Although the anti-diabetic mechanism of saffron is not well understood, according to the evidence, it can be hoped to benefit people with diabetes through fat control. Studies attribute various anti-diabetic mechanisms of saffron and its components to its antioxidant effects.
Treatment of mental disorders
Several clinical trials and studies have shown that saffron and its active ingredients have similar properties to current antidepressants such as fluoxetine, imipramine, and citalopram but with fewer side effects.

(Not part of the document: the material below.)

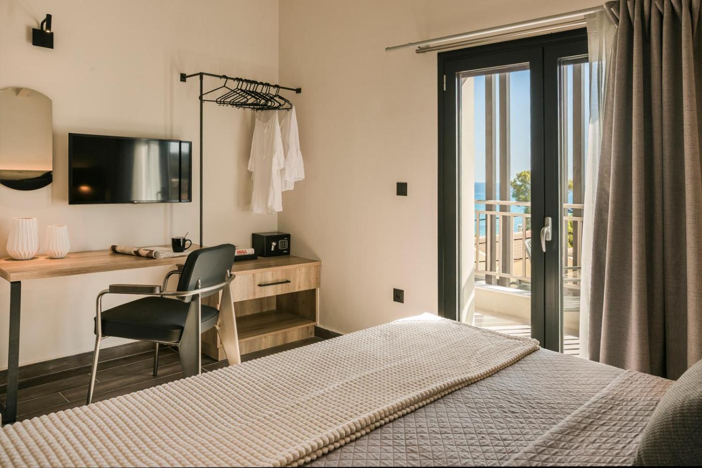 Deluxe Double Room with Side Sea View. The double room offers air conditioning, a tea and coffee maker, a balcony with sea views as well as a private bathroom boasting a shower. The unit has 1 bed.

There is much evidence that reveals the positive effect of saffron consumption on improving psychosomatic diseases. Saffron has neuroprotective activity due to its active chemical components. The effectiveness and safety of saffron in some brain diseases such as depression, Alzheimer’s disease, Parkinson’s disease, and cerebral ischemia have been confirmed in various research and clinical cases.
Adjustment of hormone levels and treatment of PMS
Almost all women develop PMS or premenstrual syndrome, mainly due to hormonal fluctuations and nutritional deficiencies. According to studies, using saffron capsules or inhaling its scent by changing the level of some female hormones has a significant effect on treating this syndrome and its side effects, such as depression.
Like any other nutritious and beneficial substance, overuse of saffron can have destructive and even irreversible side effects. As an example, excessive consumption of saffron tea is harmful to the kidneys and reduces appetite.
Consuming more than 5 grams of saffron in a meal is toxic. Five grams of saffron for a person is too much, and it might cause side effects such as dizziness, decreased heart rate, nausea, vomiting, uterine bleeding, bloody diarrhea, bleeding in the nose, eyelids, and lips, dizziness, lethargy, jaundice, and severe smooth muscle stimulation. If anybody uses more than 20 grams of saffron in a meal, it might kill the consumer.
Effects on pregnancy
The acceptable amount of saffron used during pregnancy, excluding the first three months, with a prescription and under the supervision of a doctor, can have many benefits, including controlling blood pressure, relieving congestion, maintaining calm, glowing the skin, and protecting against allergies and infections.
But if the dose exceeds the sensitive amount, it can have the opposite effect. Saffron may harm the reproductive system; therefore, pregnant women should avoid overeating it because excessive consumption may cause uterine contractions and increase the risk of miscarriage.